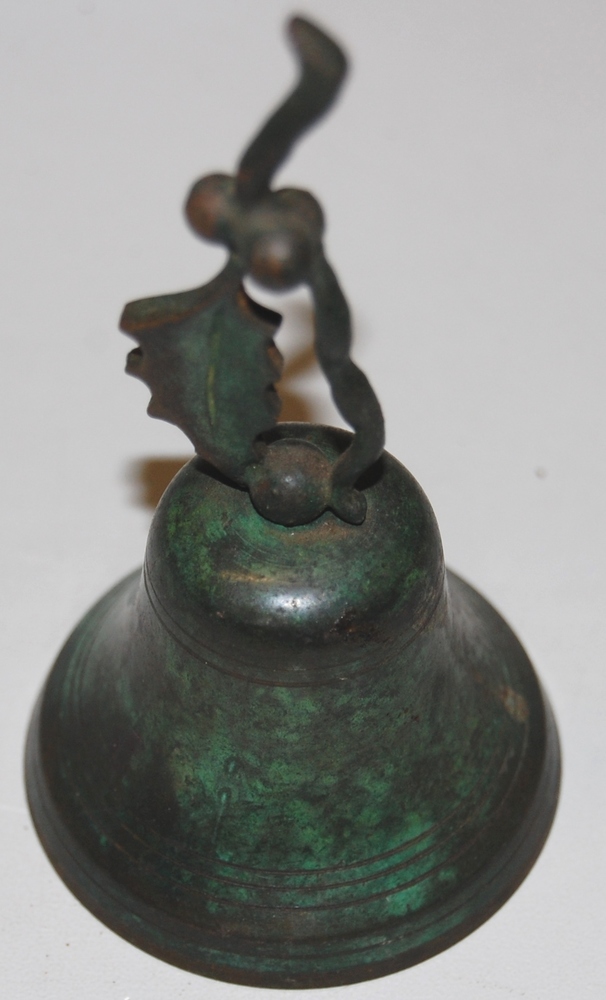 Koperen tafelbel versierd met hulstblad en besjes, a...
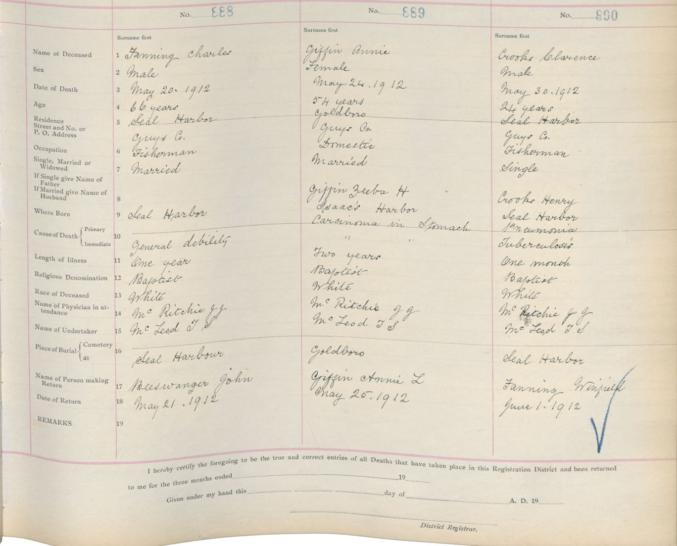 Death Registration: Year: 1912 book: 7 page: 146 number: 890
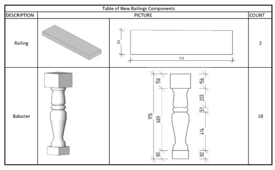 Within the creation of the HBIM model, it was also possible to complete the phase that represented the reconstructed state of some parts of the manor. As the example, we present a reconstructed baluster in Figure 14, while Figure 15 shows parts of the baluster with dimensions and numbers of pieces. This information was also used for the investor and other professions involved in the reconstruction.
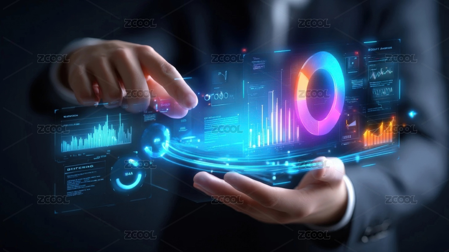 数据分析人员触控虚拟全息投影屏幕进行全球化金融数据智能分析解析
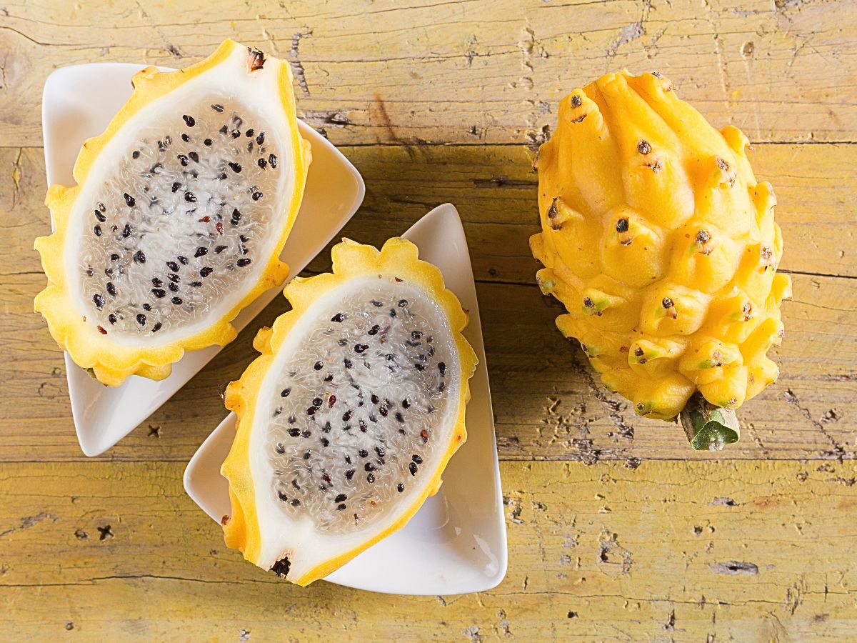 Para acertar na escolha da fruta‑do‑dragão, procure uma pitaya com a casca bem colorida, como a vermelha‑rosada ou amarela e sem manchas escuras ou rachaduras. Veja se as folhas da casca estão levemente secas ou amarronzadas esse é indício de que a fruta está madura.
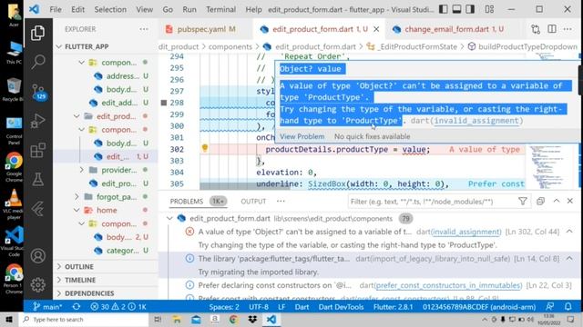 In this video, I've solved an error. The error is ""A value of type 'Object?' can't be assigned to a variable of type 'ProductType'."" Who following my Ecommerce series, this video is for you. Because you'll get this error for flutter upgrade. I started the e-commerce series when the flutter version was 1.7. So After flutter upgrade 2.0, for null safety, you'll get this error. So it may helpful for you. Subscribe to my channel: @LearnFlutterWithSmrity #flutter #flutterNullSafety #AValuOofType'Object?'Can'tBeAssignedToAVariableOfType'ProductType'
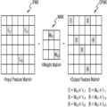 다른 예로서, 입력 피처 매트릭스에 대하여 평균 풀링(average pooling)이 적용되는 경우, 동일한 출력 피처 인덱스에 대응하는 입력 피처값들이 합산되고, 합산값이 복수의 입력 피처값의 개수에 기초하여 나누어진 후, 그 결과 값이 출력 피처 인덱스에 대한 출력 피처값으로 제공될 수 있다.  그러나, 본 개시의 실시예는 이에 한정되지 않으며, 다양한 종류의 풀링 동작이 적용될 수 있다.
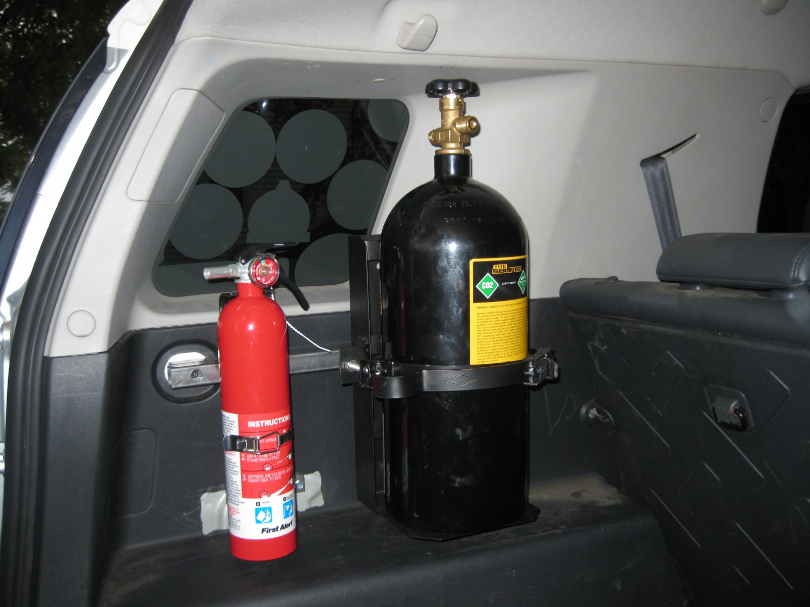My good friend wanted a custom way to stow some gear in his Toyota FJ Cruiser. He showed up with a Power Tank and a fire extinguisher, and we did some brainstorming over a few beers. We had a few simple goals in mind: a robust structure to hold up to years of abuse on rough roads, using existing mounting points where possible, and keeping things compact so we don’t take up too much interior space. This is what we came up with together, and I built with some 1” square tubing I had on hand, using just my TIG welder, an angle grinder, and some clamps.

- [EXERCISE REQUIREMENTS]: Starting at the first line of the material, output exactly the lines up to and including the one with "Death Registration: Year: 1912". Do not include the pictures.

- [RESPONSE FOR THIS EXERCISE]:
 Koperen tafelbel versierd met hulstblad en besjes, a...
 Death Registration: Year: 1912 book: 7 page: 146 number: 890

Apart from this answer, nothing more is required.